Ultimately, Cone would make four starts and one relief appearance going 1-3 with a 6.50 ERA. Instead of the team bringing in a sage veteran to help boost up a team who was massively disappointing in 2002, Cone proved to be another veteran whose best years were well behind him. With a team that included players like Roberto Alomar, he was hardly alone on a 66-95 Mets team.
After being released by the Rockies due to the rise of Trevor Story and his domestic violence arrest, the Mets took a flyer on the former favorite son with David Wright once again on the Disabled List.
In 2016, Reyes played better than expected helping led the Mets to the Wild Card Game where they lost on a Conor Gillaspie ninth inning homer. Then, the Mets decided to not only pick up Reyes’ Major League minimum option, they also basically assured him of a starting spot with the continued uncertainly surrounding Wright’s back.
Last year, Reyes was one of the worst regulars in all of baseball posting a -0.6 for the season. He showed he could not handle third on an everyday basis, and he proved that he is no longer a Major League caliber leadoff hitter.

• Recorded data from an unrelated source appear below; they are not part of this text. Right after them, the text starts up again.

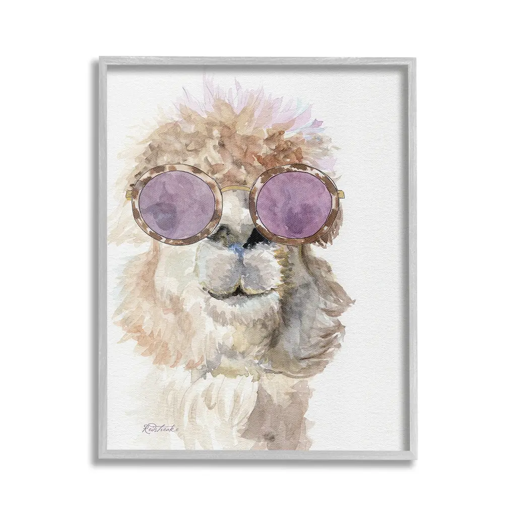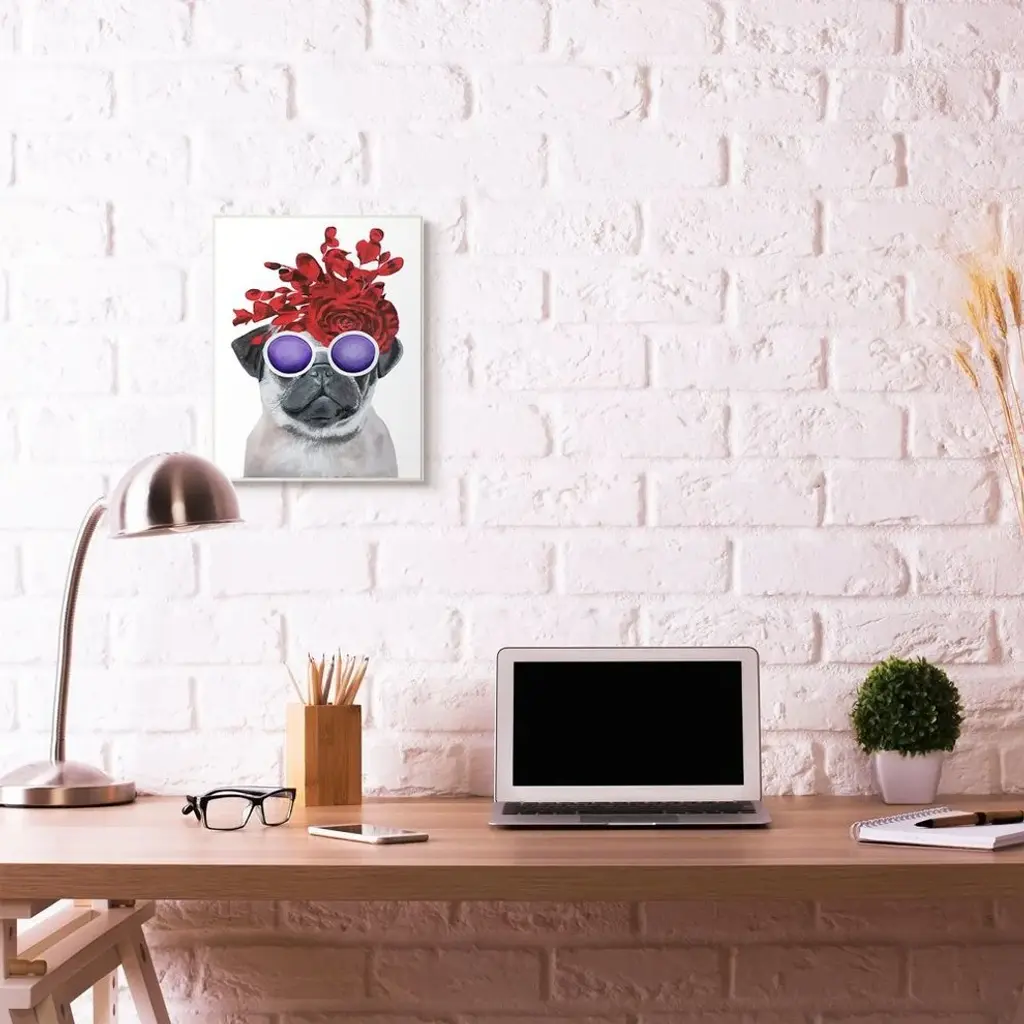 Pug Dog With Flower Hat And Purple Glasses, Canvas, 11"x14"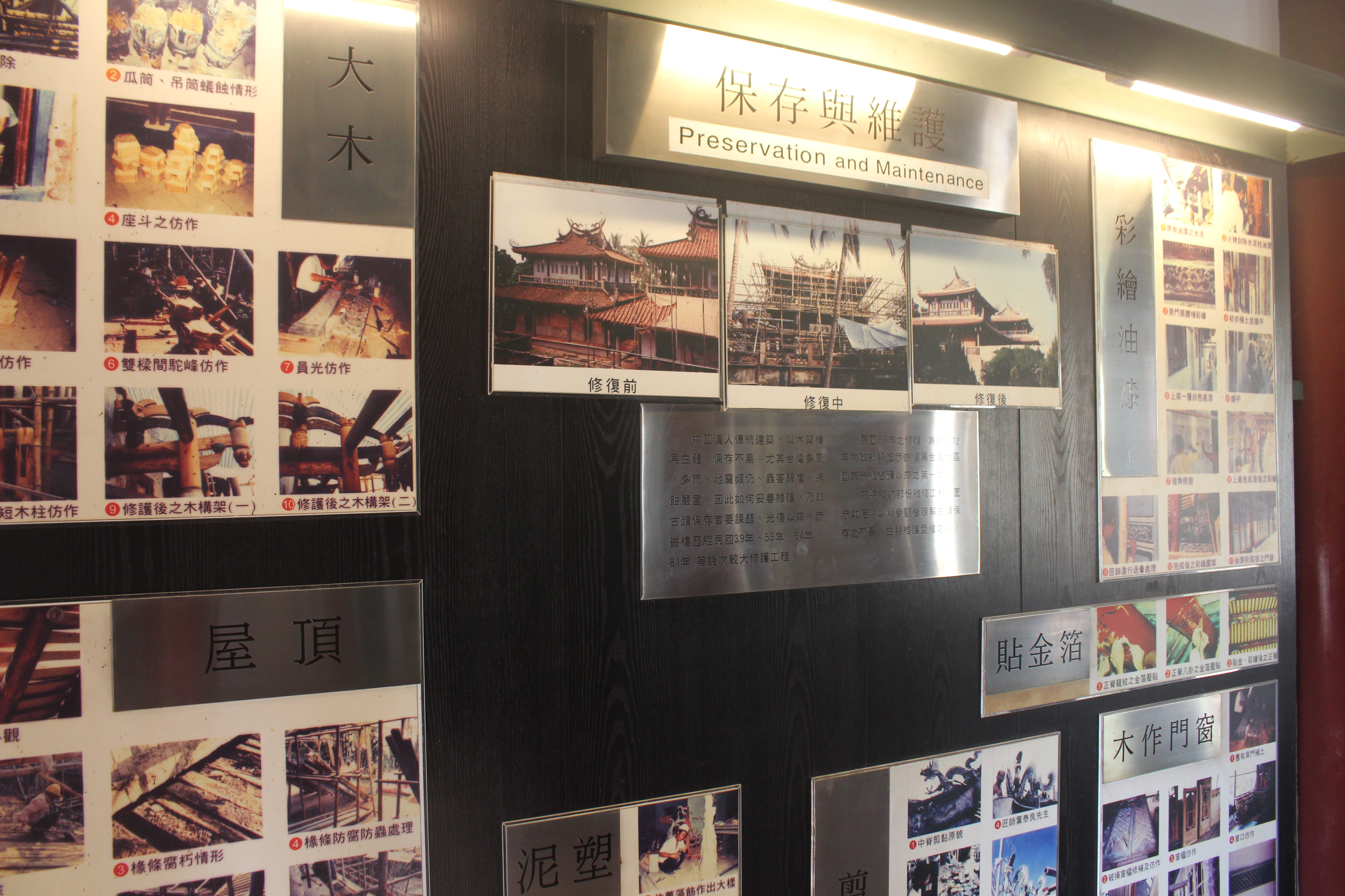 牆上有介紹兩棟建築的修復過程,古蹟的修復,不同於現代鋼筋混凝土建築。尤其中國建築,有些卡榫、梁柱的技術是更加複雜,更有些技術在現代已經失傳。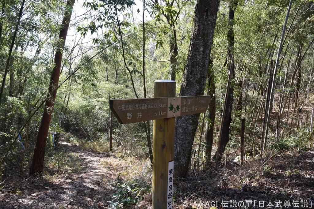 東山道(中山道)で美濃東部に戻った日本武尊は、尾張に向かうため江戸時代に脇街道として整備される下街道に入りました。下街道は日本武尊が通ったことで始まったともいわれています。現在中山道から下街道への別れ道となっているのは岐阜県恵那市武並町竹折 にある槇ケ根です。ここに道標があります。
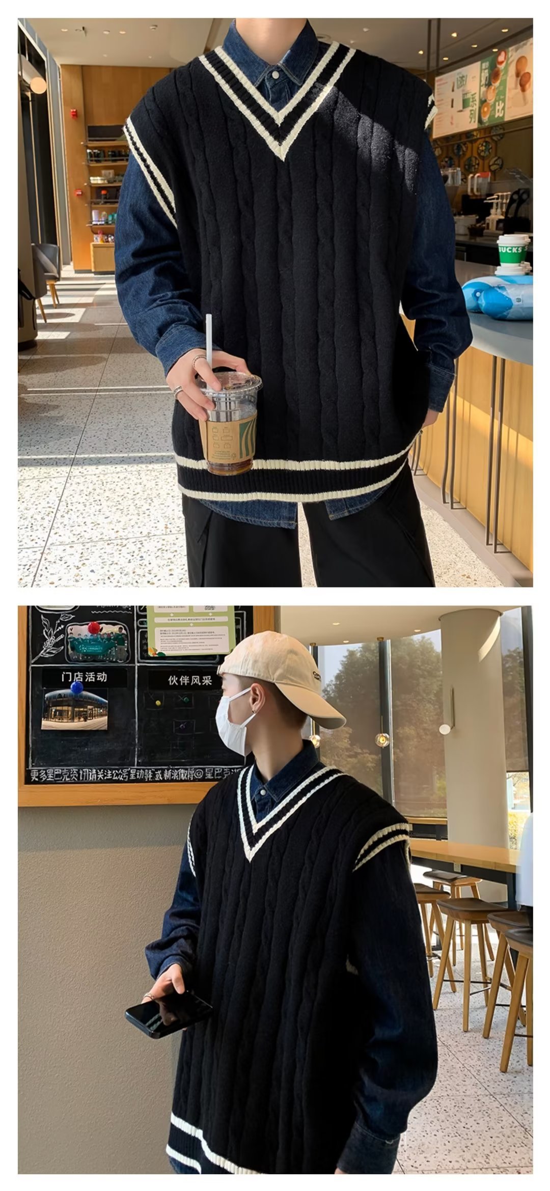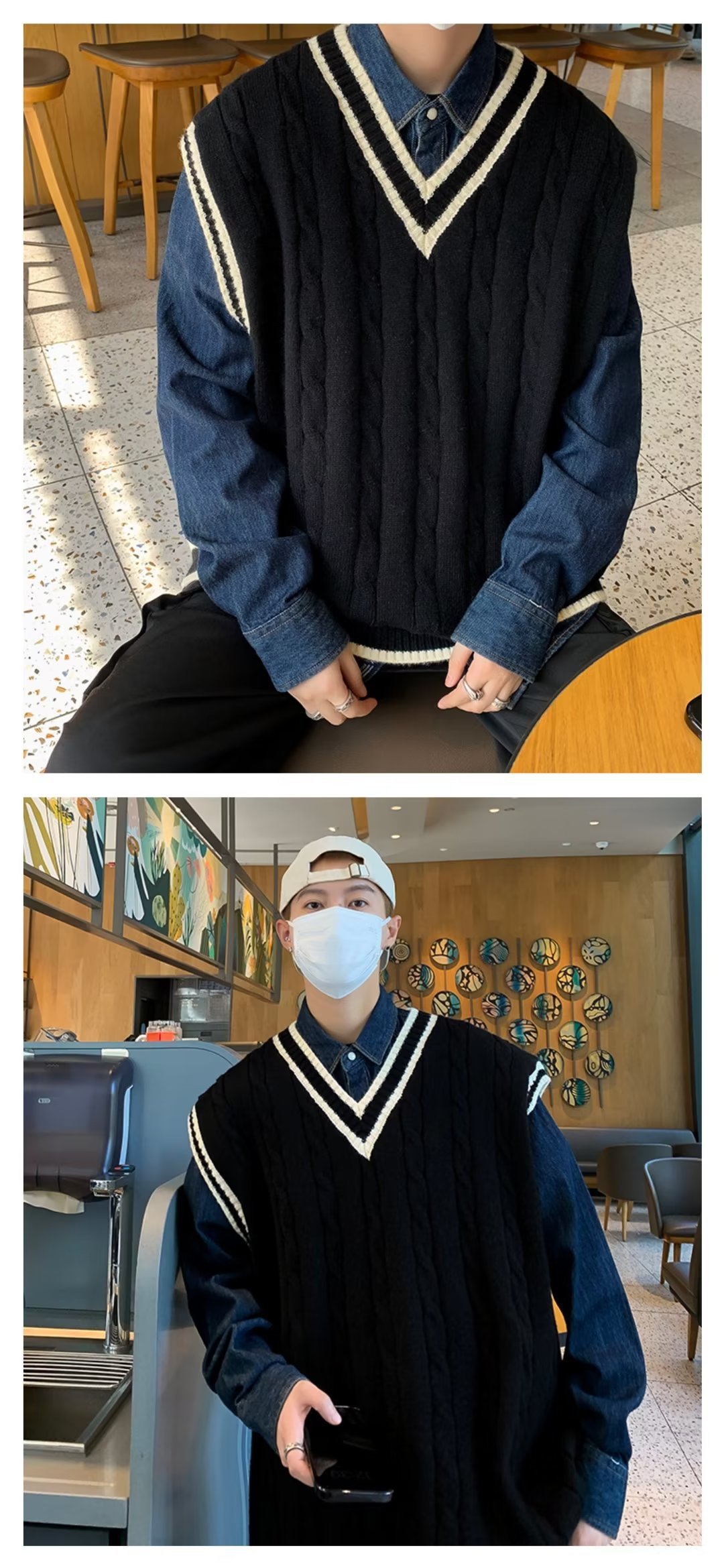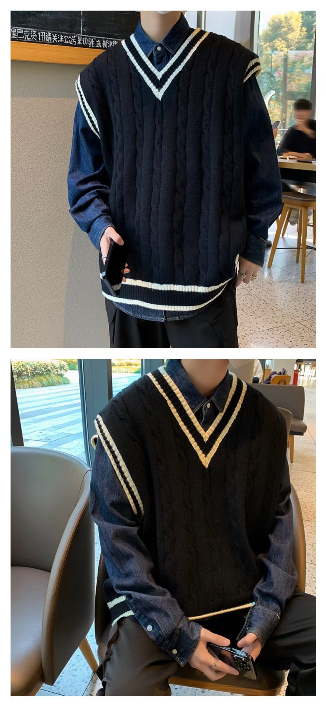 아메리칸 스타일 스웨터 조끼 남자의 가을과 겨울 Ins 패셔너블 루즈 V 넥 웨이슬 니트 일본 스타일 대학 스타일 조끼 스웨터스토어 가기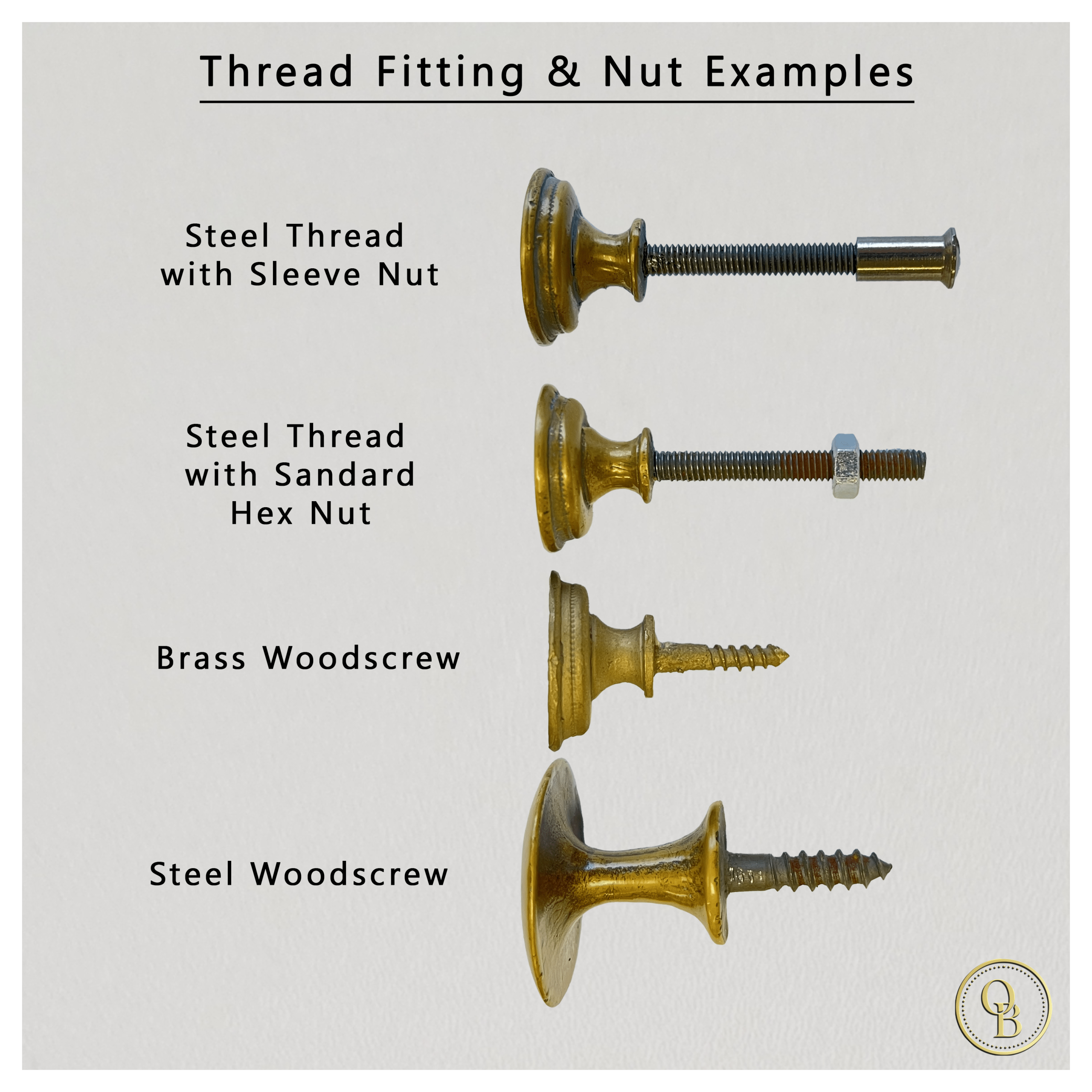 This current product is supplied with a brass Woodscrew for fitting. Thread adaptation to a steel Woodscrew or Steel Thread is available on this item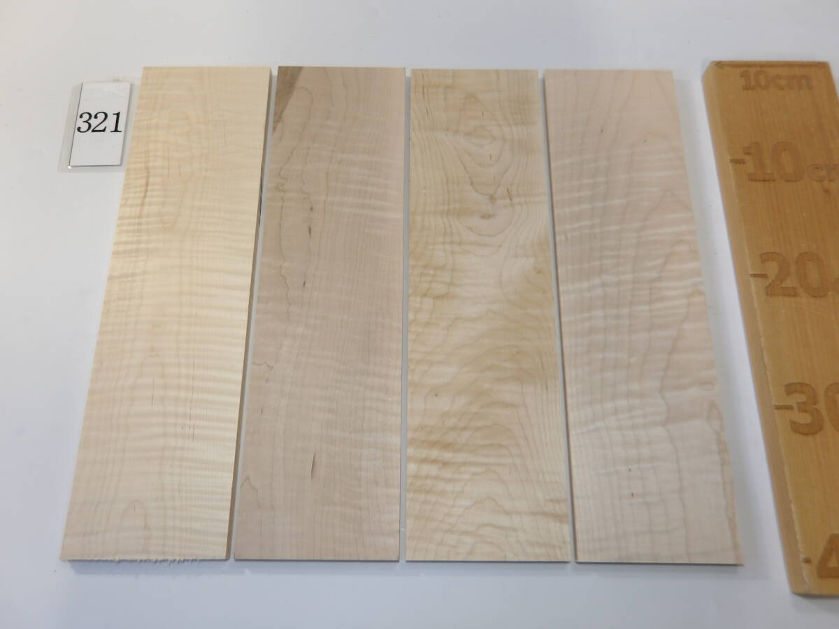 - 木っ端クラブ ★杢入り★ カーリーメープル 薄板 4枚入り (厚約11mm 幅約110mm前後) プレーナー済 DIY ハンドメイド A321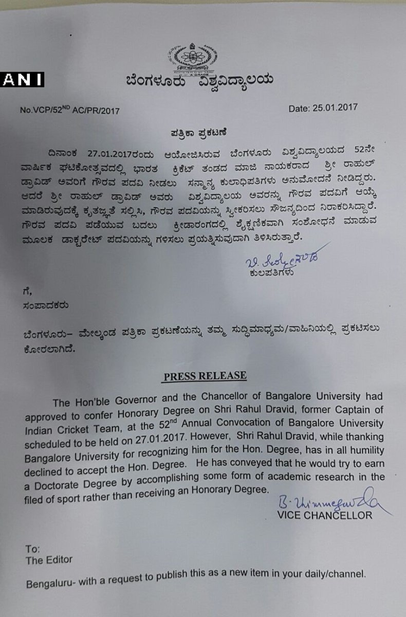 ബംഗളൂരു സർവകലാശാലയാണ് ഇക്കാര്യം മാധ്യമങ്ങളെ അറിയിച്ചത്. ഇന്ത്യയുടെ വൻമതിൽ എന്നറിയപ്പെടുന്ന ക്രിക്കറ്റ് താരമാണ് രാഹുൽ ദ്രാവിഡ്. ദീഘകാലം ഇന്ത്യയുടെ ക്യാപ്റ്റനുമായിരുന്നു. നിലവിൽ ഇന്ത്യയുടെ അണ്ടർ–19 ടീമിെൻറ പരിശീലകനാണ് രാഹുൽ ദ്രാവിഡ്.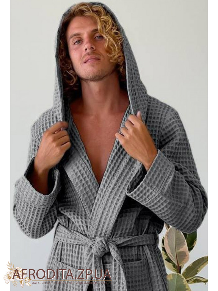 Чоловічий домашній вафельний халат 902 від української Cosy із фактурної бавовни. Халат з капюшоном на запах, довжиною нижче колін. З боків виробу розташовані дві накладні кишені. У комплекті додається пояс, за допомогою якого можна регулювати лінію талії. Халат виглядає дуже стильно і елегантно і може послужити чудовим подарунком близькій вам людині.
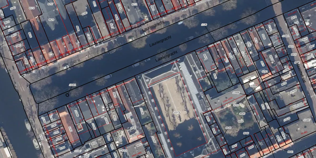 Het perceel waarop Lauriergracht 103-M staat heeft een oppervlakte van 2815 m². Dit is een zeer groot perceel. De perceeloppervlakte wordt geregistreerd door het Kadaster. Gedetailleerde informatie over de maten van dit perceel kunt u vinden in het rapport Kadastrale kaart met maatvoering van Lauriergracht 103-M.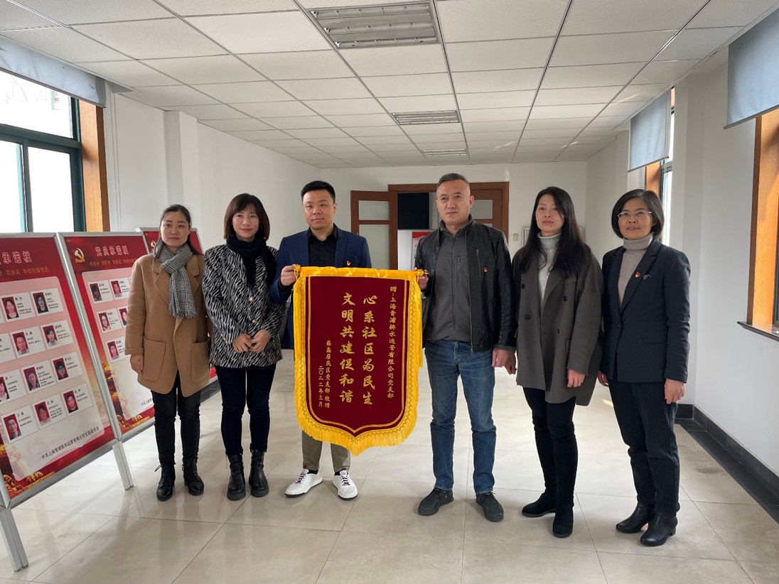 赵巷镇崧鑫社区党总支书记夏俊峰一行来青浦排水运营有限公司,将绣有“心系社区为民生 文明共建促和谐”的锦旗送到党支部书记夏脉律手中,以感谢公司党支部对社区工作的支持和帮助。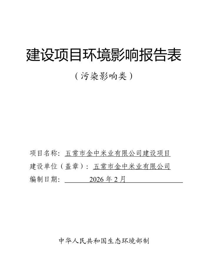 五常市金中米業(yè)有限公司建設項目環(huán)境影響報告表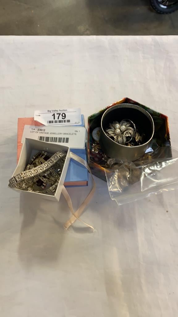 LOT OF VINTAGE JEWELLERY BRACELETS, BROOCHES, ETC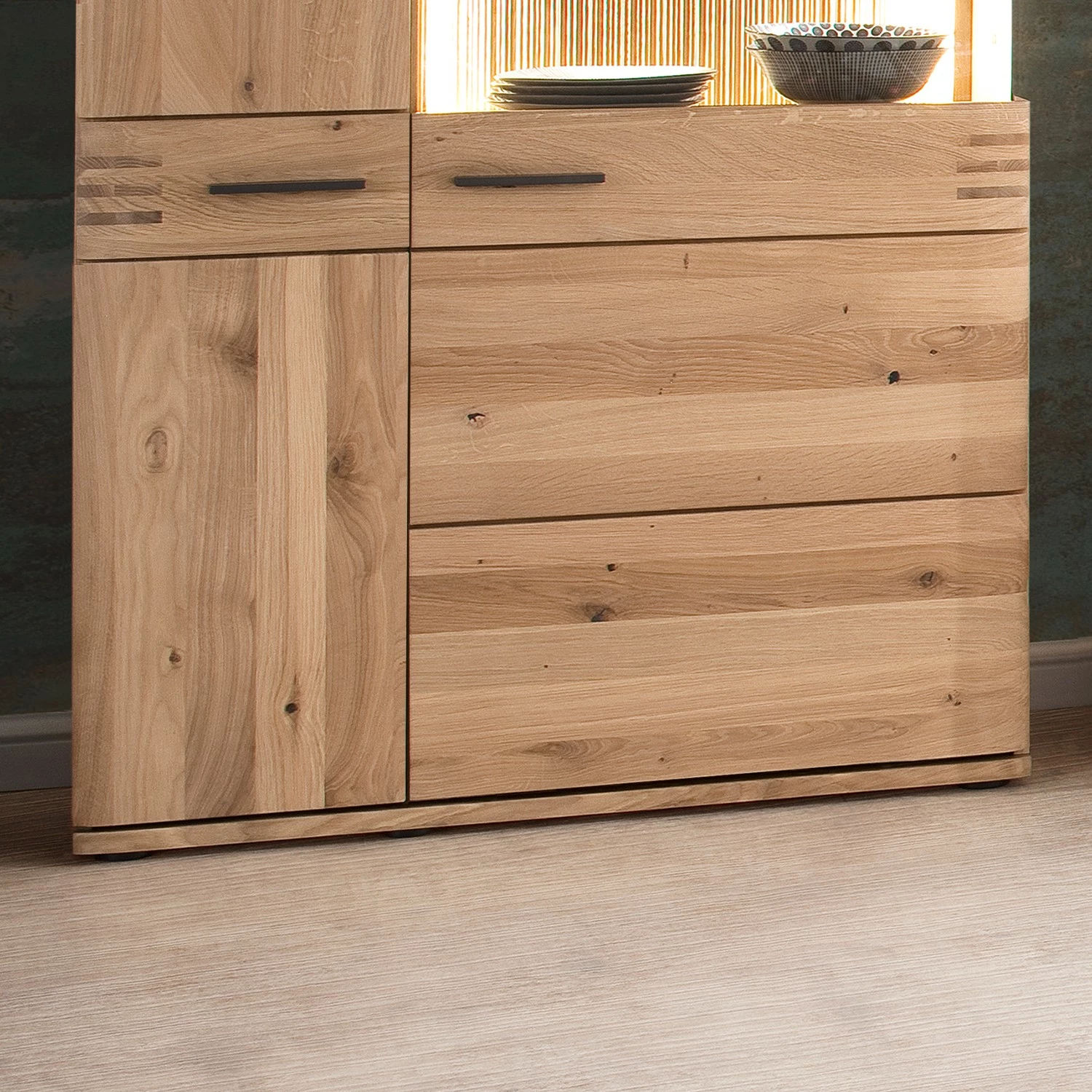 - Front: Massivholz Eiche, geölt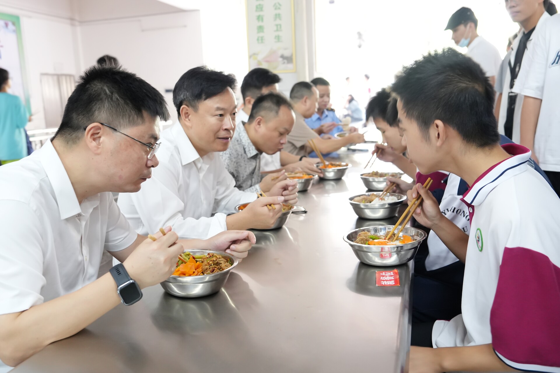 当天中午,吴韬一行在洞口一中北校区食堂与学生共同用餐,亲身体验餐品质量与口味,并与学生交流用餐感受。他指出,要持续优化供餐机制,加强营养管理,推动“校园餐”从“吃得饱”向“吃得好、吃得健康”转变,真正让学生满意、家长放心。

Amazingly, both parties are interested in a reunion for the 2018 season.
Bruce is coming back to the Mets after a career year in which he almost helped propel the Indians to the ALCS. The $10 million he is slated to make this season may very well prove to be the bulk of the budget the Mets had remaining this offseason. If so, the team will be forced to look on the scrap heap to fill holes at second, third, center, and the bullpen.
In the end, Bruce may be happy being back with a team where he has had much success and is well liked and respected by the team an fan base. However, one has to question how well this second act will go with the team needing so many other pieces. Hopefully, his second act will prove to be better than the second acts of the aforementioned Mets.